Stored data
-------------------------
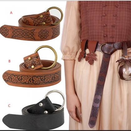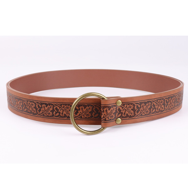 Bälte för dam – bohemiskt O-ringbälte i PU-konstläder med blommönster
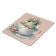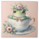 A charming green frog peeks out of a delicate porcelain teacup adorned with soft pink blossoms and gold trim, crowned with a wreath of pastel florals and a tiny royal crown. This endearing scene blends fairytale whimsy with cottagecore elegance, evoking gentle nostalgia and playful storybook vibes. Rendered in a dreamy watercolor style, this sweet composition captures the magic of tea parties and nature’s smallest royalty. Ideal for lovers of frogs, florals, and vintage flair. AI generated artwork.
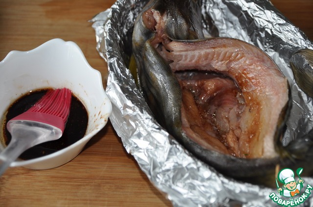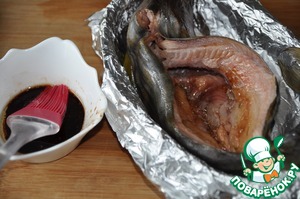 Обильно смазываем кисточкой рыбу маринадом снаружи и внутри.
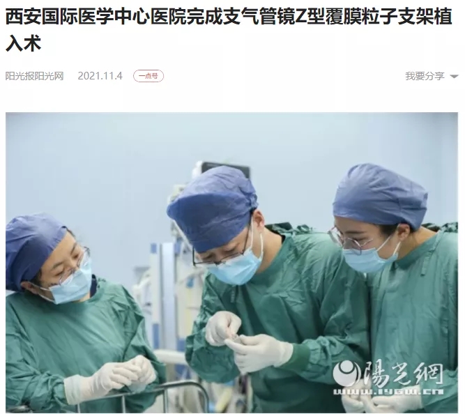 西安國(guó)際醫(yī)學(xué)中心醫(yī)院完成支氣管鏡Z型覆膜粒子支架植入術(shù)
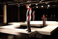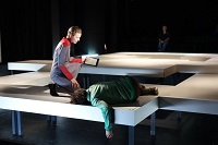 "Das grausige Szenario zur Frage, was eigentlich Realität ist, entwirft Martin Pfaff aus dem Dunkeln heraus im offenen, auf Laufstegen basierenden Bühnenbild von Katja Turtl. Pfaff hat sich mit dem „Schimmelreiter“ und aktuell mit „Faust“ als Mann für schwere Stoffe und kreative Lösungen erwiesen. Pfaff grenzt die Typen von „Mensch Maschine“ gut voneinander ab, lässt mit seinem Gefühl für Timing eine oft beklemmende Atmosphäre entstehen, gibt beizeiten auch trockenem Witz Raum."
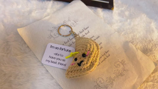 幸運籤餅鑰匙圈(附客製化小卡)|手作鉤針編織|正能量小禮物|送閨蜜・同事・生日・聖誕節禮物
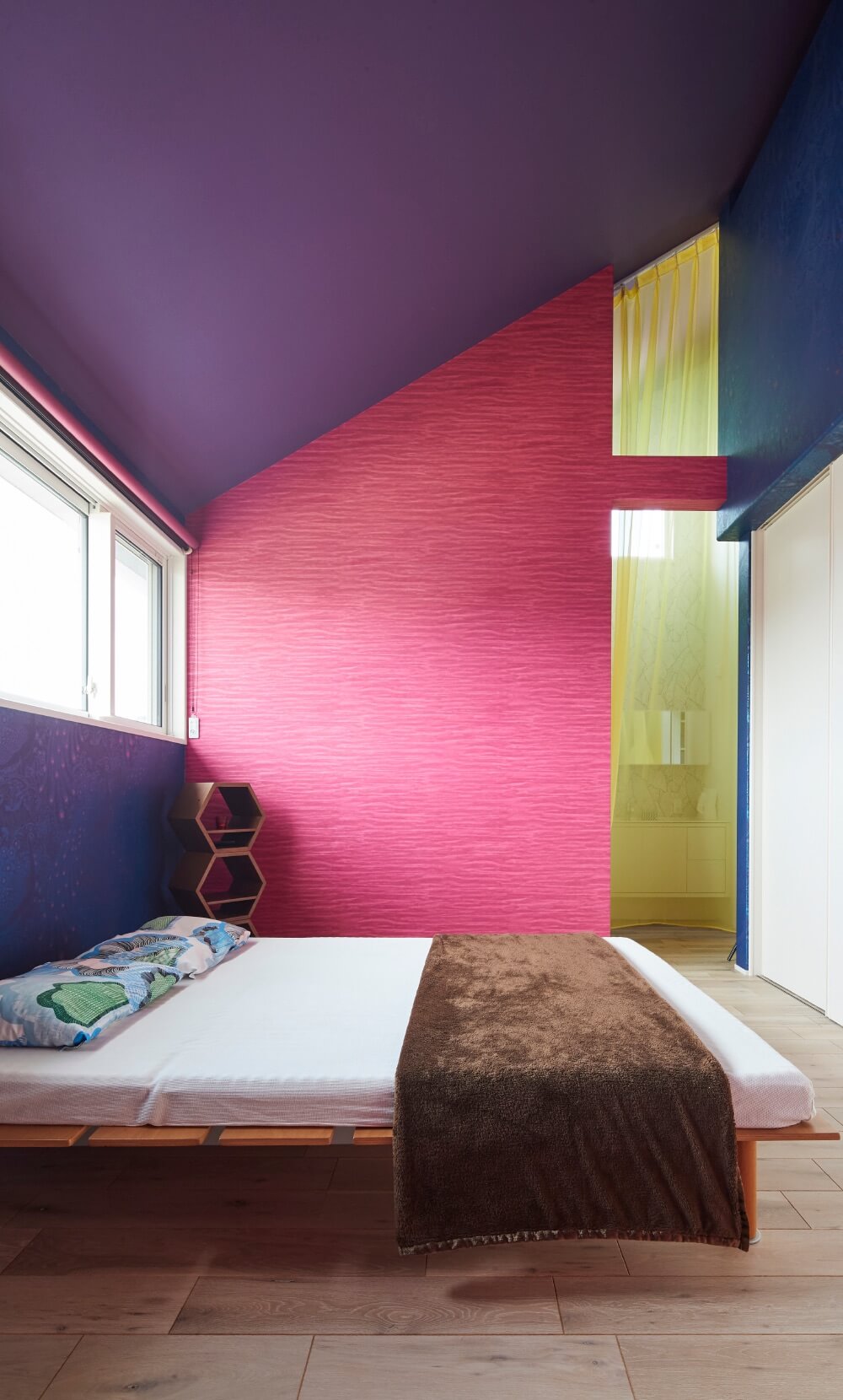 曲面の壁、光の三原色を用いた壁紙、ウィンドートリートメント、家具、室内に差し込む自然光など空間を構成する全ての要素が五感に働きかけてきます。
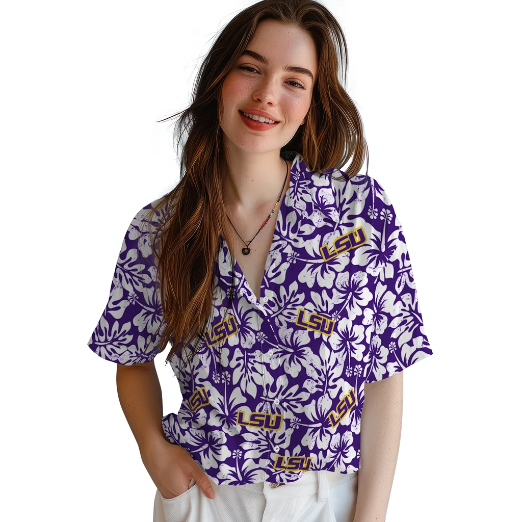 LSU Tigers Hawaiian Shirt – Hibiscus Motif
-------------------------
▶ **TASK DETAILS**: Reproduce only the lines from the first line of the entries through the line containing "西安國(guó)際醫(yī)", exactly and with both ends kept. Omit the pictures.

▶ **TASK OUTPUT**:
 Bälte för dam – bohemiskt O-ringbälte i PU-konstläder med blommönster
 A charming green frog peeks out of a delicate porcelain teacup adorned with soft pink blossoms and gold trim, crowned with a wreath of pastel florals and a tiny royal crown. This endearing scene blends fairytale whimsy with cottagecore elegance, evoking gentle nostalgia and playful storybook vibes. Rendered in a dreamy watercolor style, this sweet composition captures the magic of tea parties and nature’s smallest royalty. Ideal for lovers of frogs, florals, and vintage flair. AI generated artwork.
 Обильно смазываем кисточкой рыбу маринадом снаружи и внутри.
 西安國(guó)際醫(yī)學(xué)中心醫(yī)院完成支氣管鏡Z型覆膜粒子支架植入術(shù)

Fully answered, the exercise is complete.